## [DATA SEGMENT]
+===+
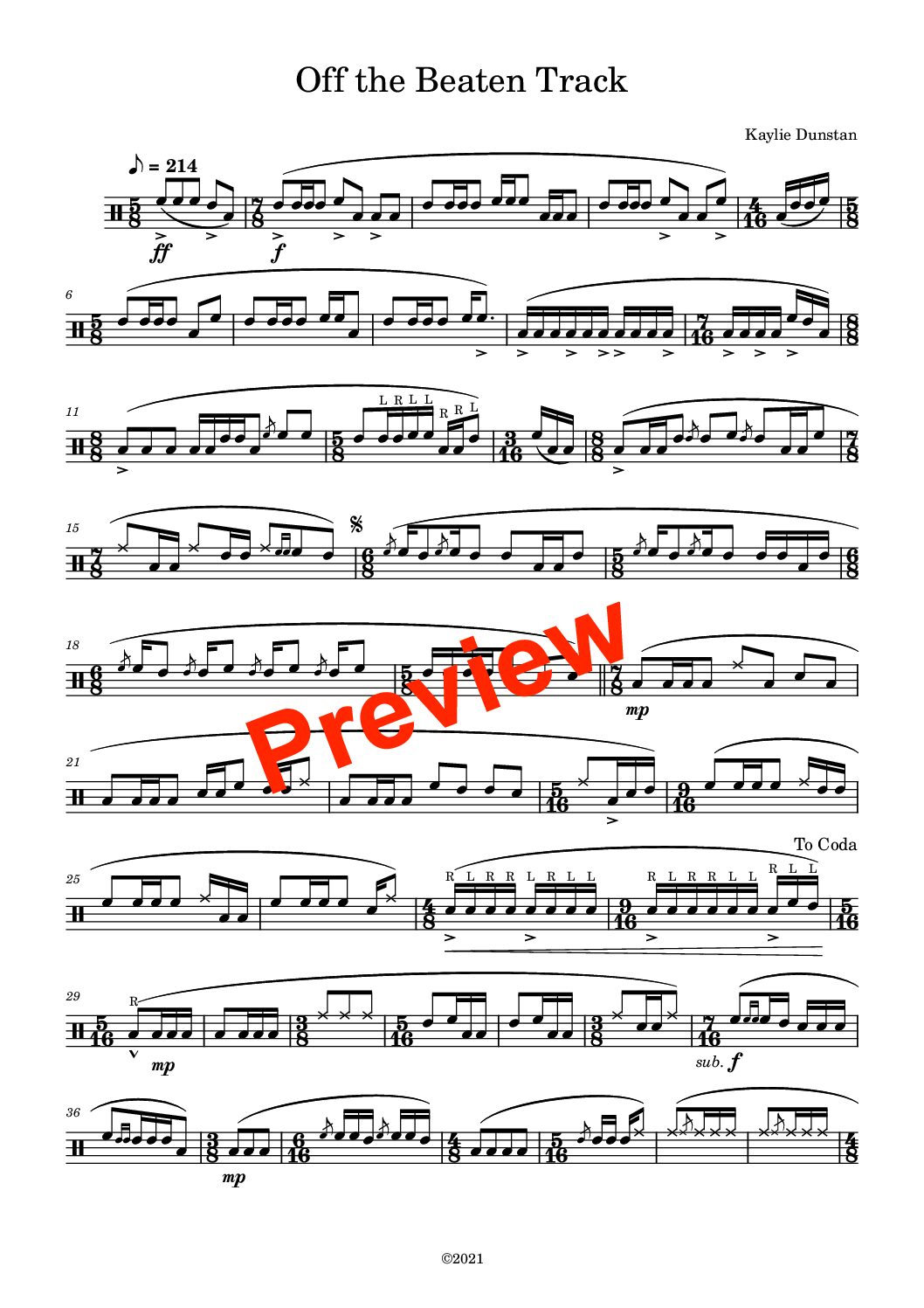 Taken from the work ‘Trip Hazard‘, ‘Off the Beaten Track’ is the drumset realisation of the same material. Adding melody to rhythm, this sequel is a fitting rounding off to the snare drum solo version. Someone once told me to imagine my snare drum notes being scored across the other instruments in a symphony orchestra. The result is a fascinating reinvention of the sound, transforming what the listener hears based on what is imagined by the performer. Revisiting ‘Trip Hazard’ after this piece could very well have the same effect.
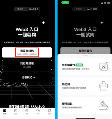 硬件钱包是在有购买冷钱包的情况下适用,以下我们主要说明无私钥钱包和注记词钱包的差异。
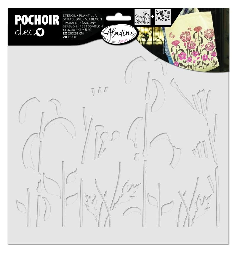 Duo šablona Aladine. Balení obsahuje dvě šablony, pomocí nich vymodelujete vícevrstvý nebo plastický motiv. Šablona se stonkami slouží jako podkladová. Šablona s kytičkami pak dotvoří celek. Pro plastičtější efekt můžete na kytičky použít pasty, které nanesete špachtlí. Pasty mohou být základní, perleťové, diamantové. Pokud dáváte přednost jednodušším projektům, kytičky jenoduše natupujte akrylovou barvu, na textil pak textilní barvu. Textilní barvy důkladně zažehlete.
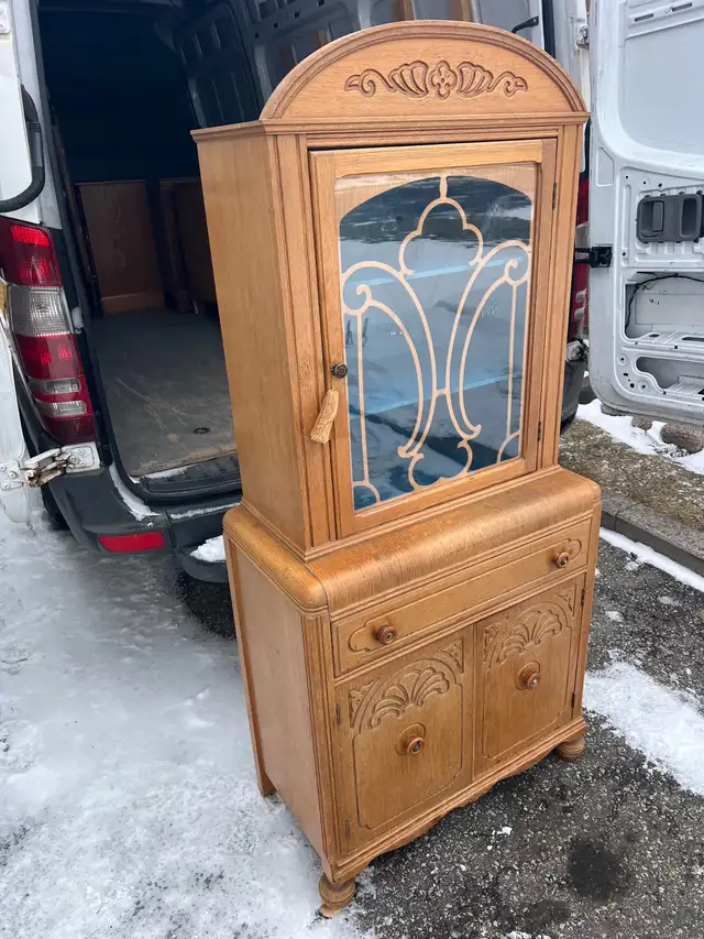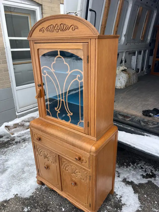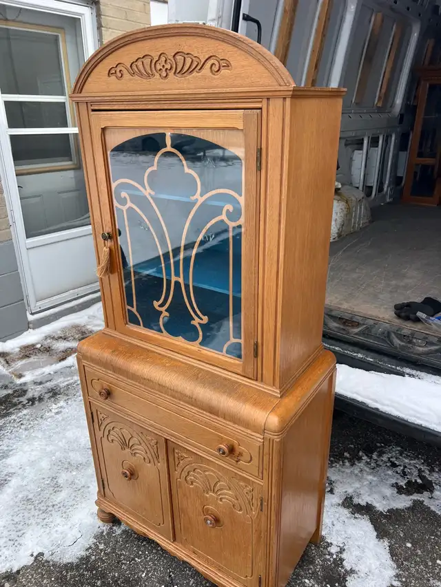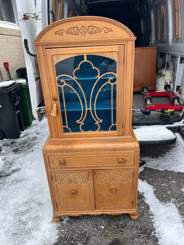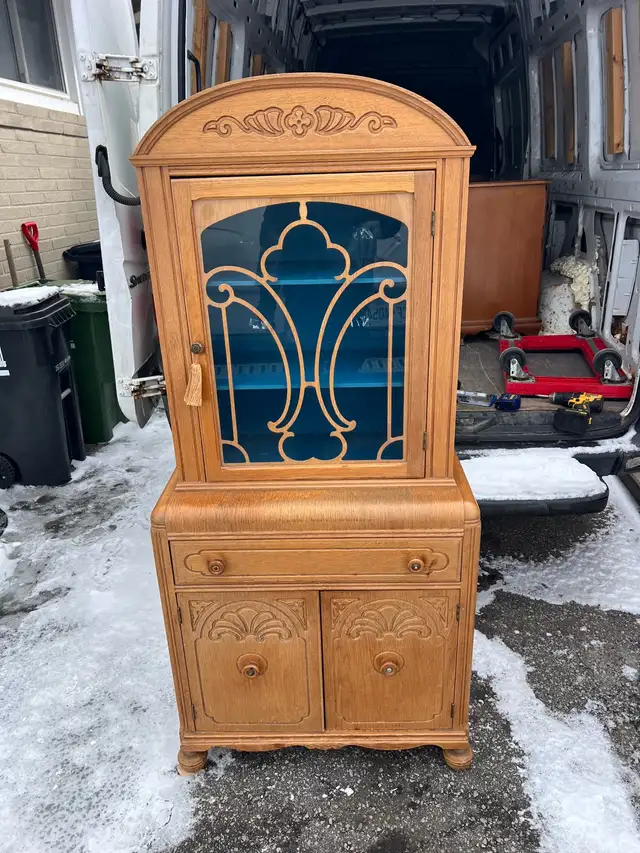 A charming antique vintage wooden display cabinet with ornate carvings. It features a glass door with decorative detailing and a bright blue interior. The cabinet has two drawers and two lower doors for storage.
+===+
Repeat the data above word for word, without pictures.

## [RESULT OF THIS EXERCISE]
 Taken from the work ‘Trip Hazard‘, ‘Off the Beaten Track’ is the drumset realisation of the same material. Adding melody to rhythm, this sequel is a fitting rounding off to the snare drum solo version. Someone once told me to imagine my snare drum notes being scored across the other instruments in a symphony orchestra. The result is a fascinating reinvention of the sound, transforming what the listener hears based on what is imagined by the performer. Revisiting ‘Trip Hazard’ after this piece could very well have the same effect.
 硬件钱包是在有购买冷钱包的情况下适用,以下我们主要说明无私钥钱包和注记词钱包的差异。
 Duo šablona Aladine. Balení obsahuje dvě šablony, pomocí nich vymodelujete vícevrstvý nebo plastický motiv. Šablona se stonkami slouží jako podkladová. Šablona s kytičkami pak dotvoří celek. Pro plastičtější efekt můžete na kytičky použít pasty, které nanesete špachtlí. Pasty mohou být základní, perleťové, diamantové. Pokud dáváte přednost jednodušším projektům, kytičky jenoduše natupujte akrylovou barvu, na textil pak textilní barvu. Textilní barvy důkladně zažehlete.
 A charming antique vintage wooden display cabinet with ornate carvings. It features a glass door with decorative detailing and a bright blue interior. The cabinet has two drawers and two lower doors for storage.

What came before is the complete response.